=============
Backend Guide
=============

Agda Backend
============

The Agda Backend (option ``--agda``, since 2.8.3) invokes the Haskell backend
and adds Agda-bindings for the generated parser, printer, and abstract syntax.
The bindings target the GHC backend of Agda, in version 2.6.0 or higher.
Example run::

    bnfc --agda -m -d Calc.cf
    make

The following files are created by the Agda backend, in addition to the files created by the Haskell backend:

  1. ``AST.agda``:

     - Agda data types bound to the corresponding types for abstract syntax trees in ``Abs.hs``.
     - Agda bindings for the pretty-printing functions in ``Print.hs``.

     Uses pragmas in mutual blocks, which is supported by Agda ≥ 2.6.0.

  2. ``Parser.agda``: Agda bindings for the parser functions generated by ``Par.y``.

  3. ``IOLib.agda``: Agda bindings for the Haskell IO monad and basic input/output functions.

  4. ``Main.agda``: A test program invoking the parser, akin to ``Test.hs``.
     Uses ``do`` notation, which is supported by Agda ≥ 2.5.4.

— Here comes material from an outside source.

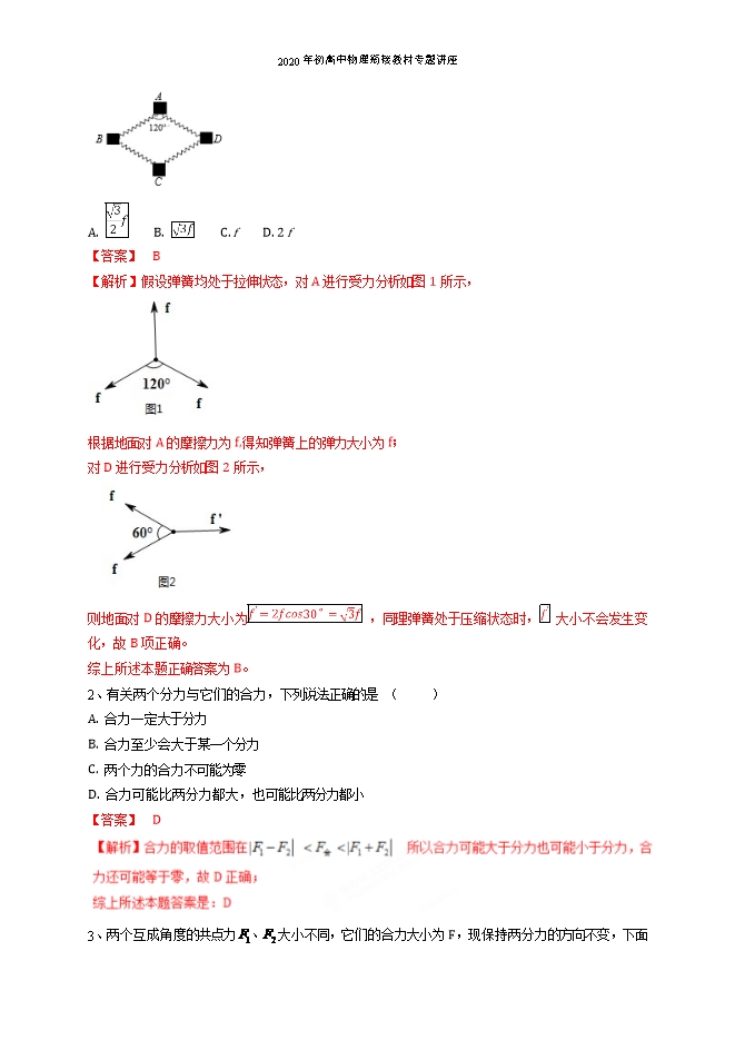 【内容简介】1.理解合力、分力、力的合成、力的分解等的概念.2.掌握平行四边形定则,会用平行四边形定则求合力和分力,理解力的合成和力的分解本质上是从作用效果相等的角度进行力的相互替代.3.理解共点力作用下物体平衡状态的概念,能推导出共点力作用下物体的平衡条件,会用共点力平衡条件解决有关力的平衡问题.二、学习要点:1、合力、分力、力的合成、力的分解;2、力的平行四边形定则;3、共点力作用下物体的平衡条件衔接点1力的合成【基础知识梳理】同学们仔细观察会发现,一位力气大的同学只用一只手一个力就可以把水桶从地面提到桌面上,两个女同学用两只手给水桶两个力,同样也把水桶从地面移动到桌面上,不同的同学用不同的方法达到了一个共同的目的.在提水桶这个事件上,这一个力产生的作用效果和两个力的作用效果是相同的合力和分力的定义:当一个物体受到几个力共同作用时,我们常常可以求出这样一个力,这个力的作用效果跟原来几个力的作用效果相同,这个力就叫做那几个力的合力;原来的那几个力叫做分力。力的合成的定义:求几个力合力的过程叫做力的合成力的平行四边形定则:以表示两个分力的线段为邻边作一个平行四边形,则这个平行四边形中表示两分力的线段所夹的对角线表示合力的大小和方向.名师点睛:1、两个分力大小不变的情况下,合力随夹角的变大而变小,随夹角的变小而变大;当两个分力之间的夹角为0°时两个力的合力最大,最大值为二力之和;当两个分力之间的夹角为180°两个力的合力最小,最小值为二力之差.(1)当Ө=0°时,F=F1+F2,合力F与分力F1、F2同向.(2)当Ө=180°时,F=|F1一F2|,合力F与分力F1、F2中较大的力同向.(3)合力F的取值范围,|F1一F2|≤F≤F1+F2.(4)夹角Ө越大,合力就越小.(5)合力可能大于每一个分力,也可能小于每一个分力,还可能大于一个分力而小于另一个分力.2、求三个或三个以上共点力的合力时,可先求出任意两个力的合力,再求出此合力跟第三个力的总合力,以此类推,直到求完为止。【典例引路剖析】【例题1】如图所示,设有五个力同时作用在质点 上,它们的大小和方向相当于正六边形的两条边和三条对角线.这五个力中的最小力的在小为 ,则这五个力的合力等于( ) A. B. C. D. 【答案】 D【解析】如图, 与 的合力与 同向;同时 与 的合力也与 同向;故分别将 与 合成, 与 合成,最终 的合力为 .因为 ,由几何关系知 ,则总合力 ,D正确. 【例题2】作用在同一个物体上的两个共点力,一个力的大小是 ,另一个力的大小是 ,它们合力的大小可能是( )A. B. C. D. 【答案】 C 点睛:分力一定时求两力合成时,合力随夹角的增大而减小,当夹角为零时合力最大,夹角180°时合力最小,并且 。【变式训练】1、如图所示,在粗糙水平面上放置A、B、C、D四个小物块,各小物块之间由四根完全相同的轻弹簧相互连接,正好组成一个菱形,∠BAD=120°,整个系统保持静止状态.已知A物块所受的摩擦力大小为f,则D物块所受的摩擦力大小为:

The Agda backend targets plain Agda with just the built-in types and
functions; no extra libraries required (also not the standard
library).

*Since 2.9.4:* Option ``--functor`` puts position information into the
Agda syntax trees (affects generated ``AST.agda``).  Relies on the
primitive module ``Agda.Builtin.Maybe`` which is available from
Agda 2.6.2.

Java Backend
============

Generates abstract syntax, parser and printer as Java code.
Main option: ``--java``.

CUP
...

By default ``--java`` generates input for the CUP parser generator,
since 2.8.2 CUP version v11b.

.. note::
   CUP can only generate parsers with a single entry point. If multiple entry points
   are given using the ``entrypoint`` directive, only the first one will be used.
   Otherwise, the first category defined in the grammar file will be used as the
   entry point for the grammar.
   If you need multiple entrypoints, use ANTLRv4.

ANTLRv4
.......

`ANTLRv4 <http://www.antlr.org/>`_ is a parser generator for Java.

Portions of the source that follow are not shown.